Dmitry Kononenko

Personal information
- Born: August 23, 1988 (age 38) Dnipro, Ukrainian SSR, Soviet Union

Chess career
- Country: Ukraine
- Title: Grandmaster (2001)
- FIDE rating: 2613 (September 2026)
- Peak rating: 2621 (February 2016)

= Dmitry Kononenko =

Ukrainian chess grandmaster (born 1988)

Dmitry Oleksandrovich Kononenko (Дмитр́о Олекс́андрович Конон́енко; born August 23, 1988) is a Ukrainian chess grandmaster since 2007 and an international master since 2003. He is the 17th best player in Ukraine and the World's 217th player. His highest rating was 2621 (in February 2016). He is also a Four-player chess theorist, inventing commonly played opening lines.

==Career==
In Ukrainian championships he won the

- U12 Champion of Ukraine in 1999.
- U16 Champion of Ukraine in 2003 and 2004.
- 3rd place in the U14 Championship of Ukraine in 2000.
- 3rd place in U18 Championship of Ukraine in 2005.
- 2008 championships of Ukraine - 5th place.
- His team won 2nd place in the Ukrainian team chess championship in 2009 and in 2010. He won 2 individual gold medals (2008, 2010) and a silver medal (2009) in this championship.
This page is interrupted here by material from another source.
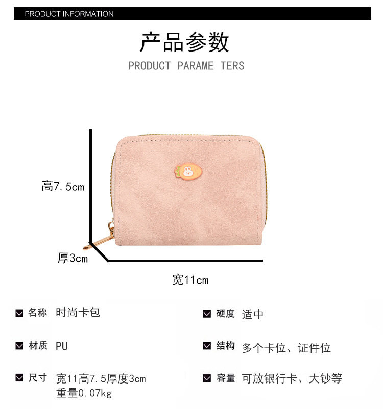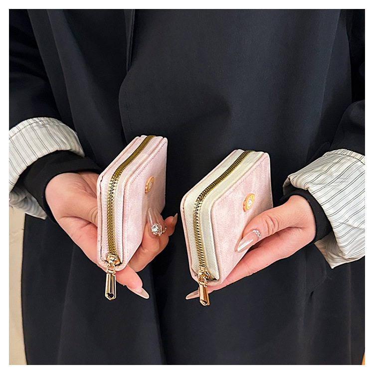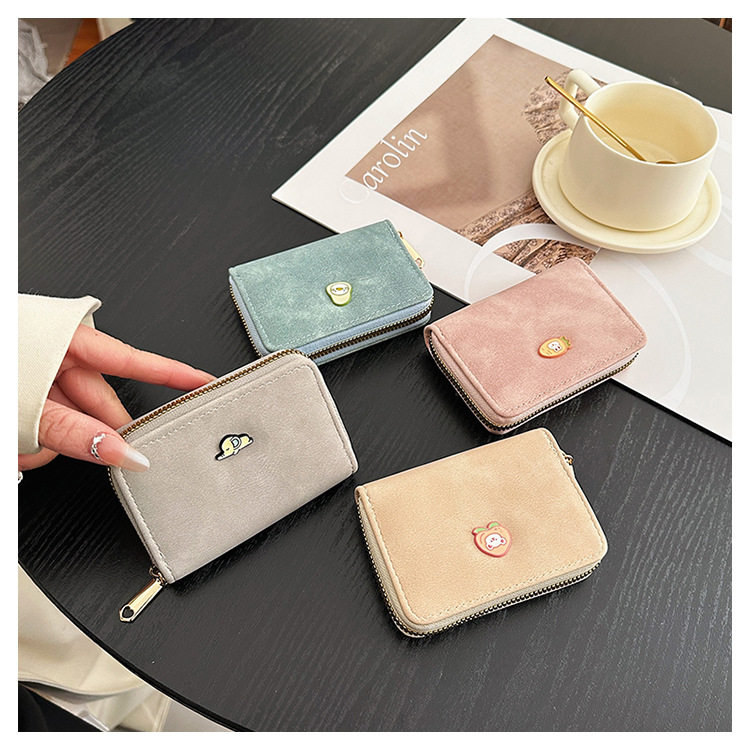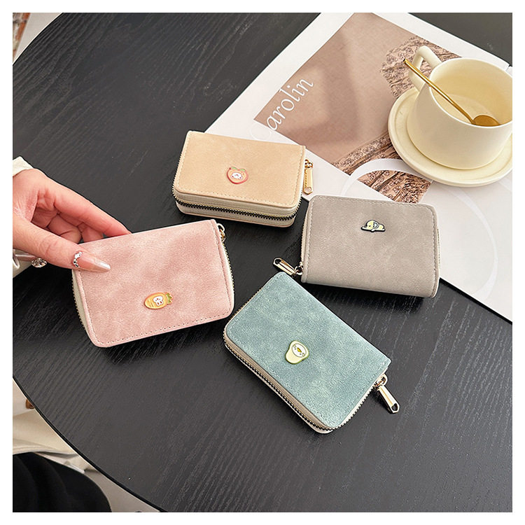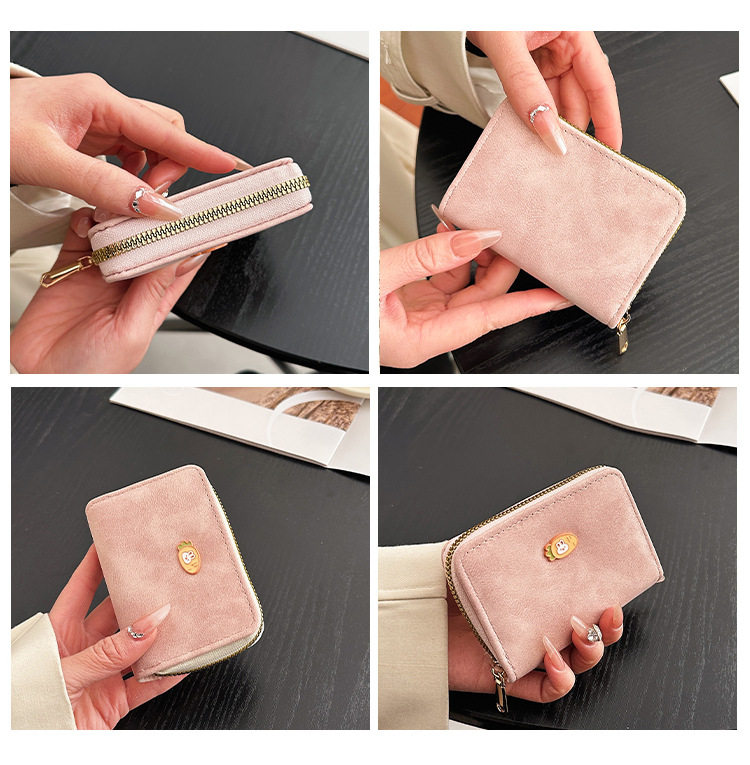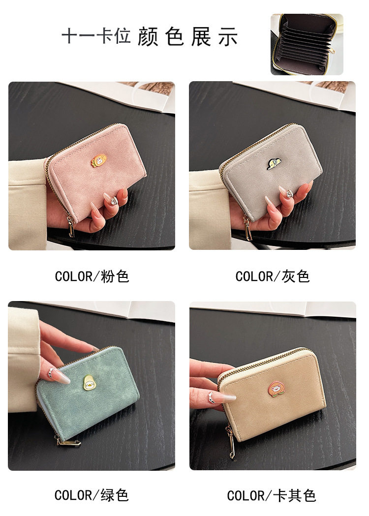 Cute zipper card holder Women's Small New Frosted id bag multi-card large capacity Student women's card holder wallet

In other tournaments he won the

- 2000 U12 European Championship - 4th place.
- Silver medal in the World Children's Olympics in Denizli (Turkey) as a member of the Ukrainian team in 2003.
- Champion of the Dnipropetrovsk region in 2003 and 2005- 2007 in classical chess and in 2010 and 2014 in blitz chess.
- In the first international festival "Dnepropetrovsk Autumn" in memory of A.S. Moroz (Dnepropetrovsk, 2012) took 2nd place, in 2013 he ranked 4th and won the blitz tournament.
- Winner of six consecutive blitz marathons of the Czech Open international festival in Czech Pardubice (2008-2013).